Raising a Better Future, Together
“Boys Will Be” was a little seed that grew as quickly as our human sprouts. Here we were, just a few Bay Area moms who were ready to raise feminist daughters, a little scared because we knew what we were up against, but ready. The world had a different plan. It gave us boys.
And you know what? It turns out it is just as complicated to raise boys. There are just as many parenting landmines to avoid and stereotypes bombarding these small humans from birth. This initiative started small, celebrate our boys being kids whatever that may look like and especially when it went against society’s expectations. Soon we realized, this was bigger than our boys. In the space of gender equality, parenting boys remains a small blip often only barely mentioned.
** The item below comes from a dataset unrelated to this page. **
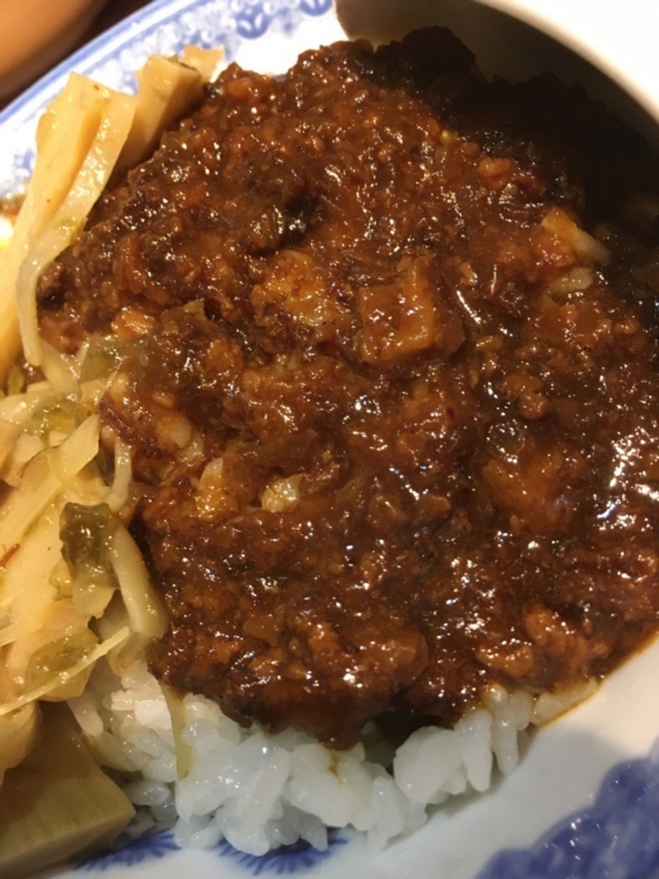 妻と夕食を食べに行きました。メニューに写真と日本語がありました。ちょっと甘いとろみのついた筍のスープなどを注文しました。ルーロウ飯の中に入っている筍もおいしかったです。とろっとした食感のエリンギも美味でした。

It is time we had a space for these discussions, a forum that helped synthesize the mountains of parenting information that is out there, and the know how to equip us with the vocabulary and skill set to empower us to accomplish our goal to raise good humans.
…we not only have to celebrate all that our boys are and all that they can become, we also need to teach accountability and responsibility…
Our mission is to transform the “boys will be boys” mentality. We cannot hope to disrupt gender disparity and change the gender landscape if we only focus on half the population. Boys are so much more than the gender stereotypes our society puts on them — they are whole complete little people. Because no one said parenting is easy, we not only have to celebrate all that our boys are and all that they can become, we also need to teach accountability and responsibility, all while noticing and sidestepping everything standing in our way. While seemingly daunting, this commitment to our sons is of paramount importance. Doing so will benefit everyone. If we can dismantle our society’s attitudes around boyhood (and manhood), we can allow men to connect with their emotions and build important “soft skills” (emotional intelligence that enable someone to interact effectively and harmoniously with other people). This in turn can help our boys grow to live an authentic self, be more adept at handling their mental well-being, be better communicators, build strong relationships, and become kind and empathetic adults. Raising boys this way (to understand consent, empathy, care-taking, kindness, gentleness) creates men that are equal partners, involved fathers, and not just non-participants but warriors against rape culture. This is of course not nearly an exhaustive list though it is incredibly expansive in how many people it reaches and what societal ills it can help remedy.
Where this initiative will end up is in large part dependent on you, our community. What we do know is that it starts with expanding our vocabulary. It starts with shining a light on the obvious and subtle ways we place stereotypes on our sons. It starts with finding simple alternatives to the status quo, ways to start discussions on a micro level, and every day disruptions. It starts with a place for sharing our struggles and finding solutions from our fellow parents in arms. We are here to make this process a little easier, a whole lot more empowering, and most of all, less isolating.
Let’s raise a better future, together.